Bitcoin provides the base layer to this network. For it to work, you can’t have multiple ledgers (i.e., blockchains). To maintain security and prevent fraud you must have a single ledger, a single set of records that everyone trusts. VISA is expensive; BTC’s Lightning Network is unreliable and off-chain.

Silicon Valley companies may resist Bitcoin’s model, but “If the Americans don’t want to do it, I don’t care. It’s a big world,” Dr. Wright said.

How IPv6 and Bitcoin create a secure internet

With IPv6 we will have the ability to connect every device and user directly. IPv6 has its expanded address space, extended routing, improved scalability, simplified headers and faster processing, support for authentication and privacy, support for source routes, and quality of service capabilities.

IPv6 will see the death of the current internet’s SSL (secure sockets layer) and its application-based security through host-identification and authorization schemes. It uses CGA (cryptographically-generated addresses) instead. Cryptography is hard, but if we use it once in the OS rather than at each later, we all win.

That only happens “if we do it right”, Dr. Wright added. Using Bitcoin’s key structure is that way. It can be linked to real-world identities, but in a secure way—using different keys for every transaction, generated from a single source. You therefore have a provable audit trail linking that identity to all its communications (or “transactions”) but not in a way where the data can be mined.

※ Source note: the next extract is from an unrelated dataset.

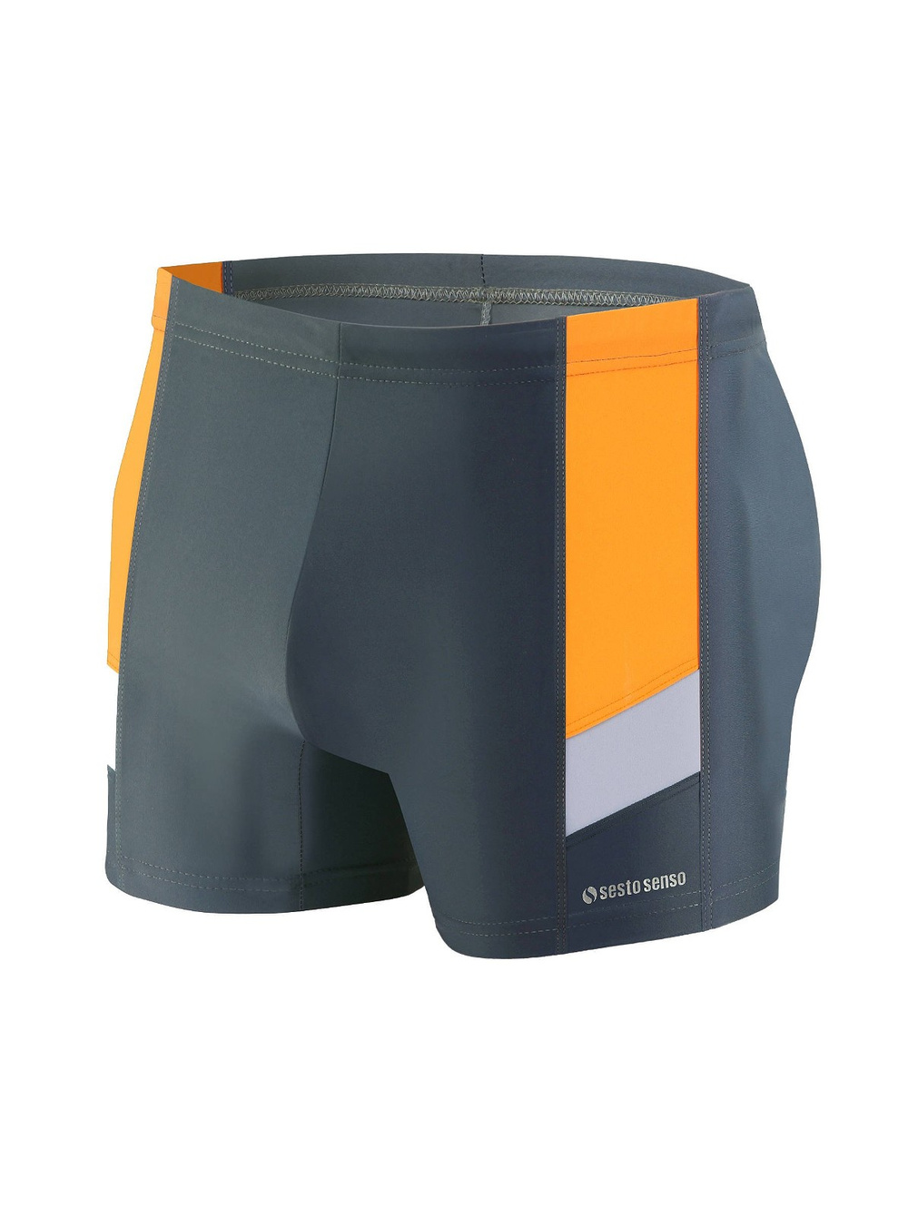 Bokserki kąpielowe- wykonane z wysokiej jakości mikrofibry- zdobione kontrastującymi wstawkami po bokach- w pasie elastyczna gumka, od wewnętrznej strony sznureczek do regulacji obwodu- na nogawce mały nadruk logo Sesto Senso
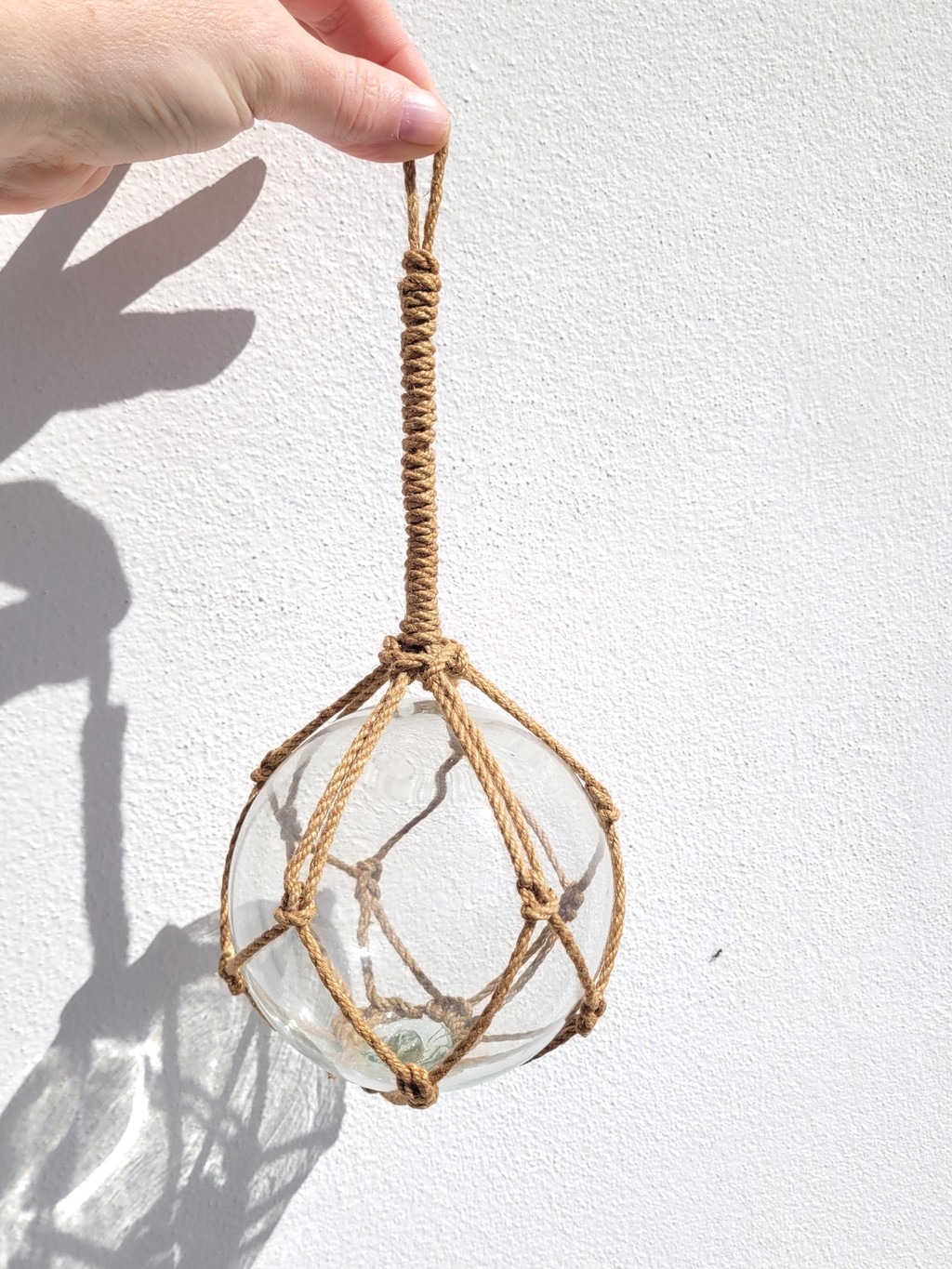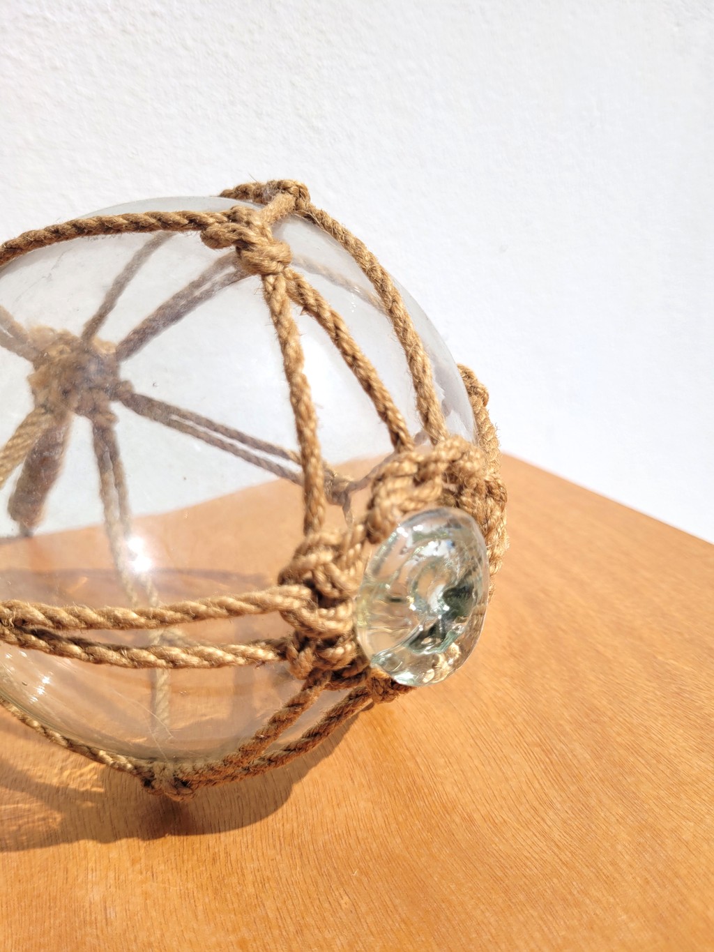 On retrouve ici une fabrication traditionnelle, avec un verre soufflé bouche et une corde en chanvre nouée à la main.

He gave the examples of Paymail and HandCash as using Domain Name System Security Extension (DNSSEC). This can be extended into CGA by having an IPv6 address that is cryptographically derived from/linked to a public-private key pair.

This takes us back to a more distributed model of the internet, as it was originally intended to be—rather than the current network of centralized services run by large oligarchies more interested in data mining and control.

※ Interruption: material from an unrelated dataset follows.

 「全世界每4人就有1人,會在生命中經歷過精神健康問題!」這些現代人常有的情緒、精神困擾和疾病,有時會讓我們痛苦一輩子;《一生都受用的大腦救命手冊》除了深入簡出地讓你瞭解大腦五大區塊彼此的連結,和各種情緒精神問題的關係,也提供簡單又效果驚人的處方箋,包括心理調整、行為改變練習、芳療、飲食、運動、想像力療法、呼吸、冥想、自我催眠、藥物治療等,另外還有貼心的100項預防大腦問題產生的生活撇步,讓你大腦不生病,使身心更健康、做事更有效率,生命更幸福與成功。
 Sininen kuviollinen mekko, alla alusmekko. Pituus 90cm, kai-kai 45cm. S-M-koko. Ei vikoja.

Freeing the market, freeing the world

The freedom to transact and perform unlimited commercial activities at almost no cost (for payments) is what will truly create wealth for all people, Dr. Wright said. This includes people in wealthy countries, and those from less-wealthy ones working for lower amounts, or overseas.

“I want to push down the prices of transactions so low that Amazon cries. If they don’t deal with this, they’ll be out of business,” he said.

Some in the University of Dubai audience were slightly skeptical that Dr. Wright’s model could find acceptance in the real world, saying it “sounds too good to be true.” This is pertinent given the current world’s pursuit of “equality” and oligarchical control. Dr. Wright vehemently disagreed with these so-called principles, referring back to the Islamic Golden Age where opportunity was held in higher regard, and wealth came from the creation of real value.

Most long-time Bitcoiners have always known their system could produce better outcomes for humanity—but also wondered if it could fit into the current world’s political paradigms. That is still uncertain. But if the current world’s political goals set it on a path to failure, there will need to be alternatives. The best alternative that exists today is Bitcoin, working in tandem with the internet on which it operates.